Elbow macaroni, mayo, mustard, celery, and a few chopped eggs. It is the side dish on every picnic table for a reason: cheap, fast, and impossible to mess up.
Macaroni salad does not have a single fixed recipe. Every cookout has its own version, heavier on the mustard here, sweeter with relish there. What stays constant is the format: pasta cooked until tender, cooled, and bound in a creamy dressing with a little crunch from celery and onion. This version keeps it classic and balanced, mayo-forward with just enough mustard and relish to keep it from being one-note.
Like most mayonnaise-based salads, it needs time in the fridge before serving. The pasta keeps absorbing the dressing as it sits, so a macaroni salad made an hour ahead tastes thin and a macaroni salad made the night before tastes right. Plan accordingly if it is headed to a cookout or a potluck table.
What You’re Learning
Cooking the pasta past al dente, on purpose. Pasta firms up as it cools, so noodles cooked to a normal al dente turn chalky by the time the salad is chilled. Cooking it a minute or two further, until fully tender with no bite left, gives the right texture once it is cold.
Dressing in two additions. Pasta keeps drinking up dressing as it sits, so a salad dressed in a single pass can turn dry by the next day. Mixing in part of the mayonnaise while the pasta is still warm lets it soak into the noodles, then folding in the rest after chilling keeps the texture creamy instead of dried out.
Ingredients
Makes 8 servings as a side.
- 1 lb (450g) elbow macaroni
- 1 cup mayonnaise, divided
- 2 tbsp yellow mustard
- 2 tbsp sweet pickle relish
- 3 celery stalks, finely diced
- ½ small red onion, finely diced
- 3 hard-boiled eggs, peeled and diced
- ½ tsp paprika, plus more for serving
- Salt and black pepper, to taste
Method
1. Cook the macaroni
Bring a large pot of well-salted water to a boil. Add the macaroni and cook 1 to 2 minutes past the package’s al dente time, until fully tender with no bite left. Drain well and rinse briefly under cold water to stop the cooking and cool it down.
2. Dress while warm
Transfer the drained macaroni to a large mixing bowl. While it is still slightly warm, add half the mayonnaise, the mustard, and a pinch of salt. Toss to coat; the warm pasta will absorb the dressing as it sits.
3. Add the rest
Add the celery, red onion, diced eggs, relish, and paprika. Fold in the remaining mayonnaise until everything is evenly coated. Season with salt and pepper to taste.
4. Chill
Cover and refrigerate for at least 1 hour, ideally overnight. The pasta will continue to soak up the dressing as it sits; if it looks dry after chilling, fold in another spoonful of mayonnaise before serving.
5. Serve
Give the salad a final stir before serving, taste for salt, and finish with a light dusting of paprika on top.
Notes
- Slightly overcook the pasta. Pasta firms up as it cools, so noodles cooked exactly al dente turn chalky by the time the salad is chilled. A minute or two past al dente is the right target here.

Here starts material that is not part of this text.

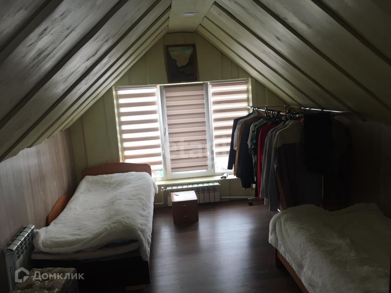 На втором этаже - мансарде находится просторная спальня.
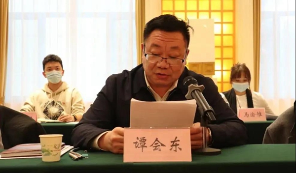 图为兵团诗词楹联家协会副主席、秘书长谭会东交流发言。

- Dress in two stages. Adding dressing while the pasta is warm lets it soak in; adding the rest after chilling keeps the salad creamy instead of dry.
- Make it the night before. This salad is at its best after a full night in the fridge, once the flavors have had time to settle into the pasta.
- Dice the mix-ins small. Finely diced celery and onion distribute through every bite instead of clumping in one corner of the bowl.
- Adjust the mustard to taste. Two tablespoons gives a mild tang. For a sharper, more deli-style salad, add another tablespoon.
- Keep it cold outdoors. Like any mayonnaise-based dish, do not let it sit out in summer heat for more than two hours, picnic or not.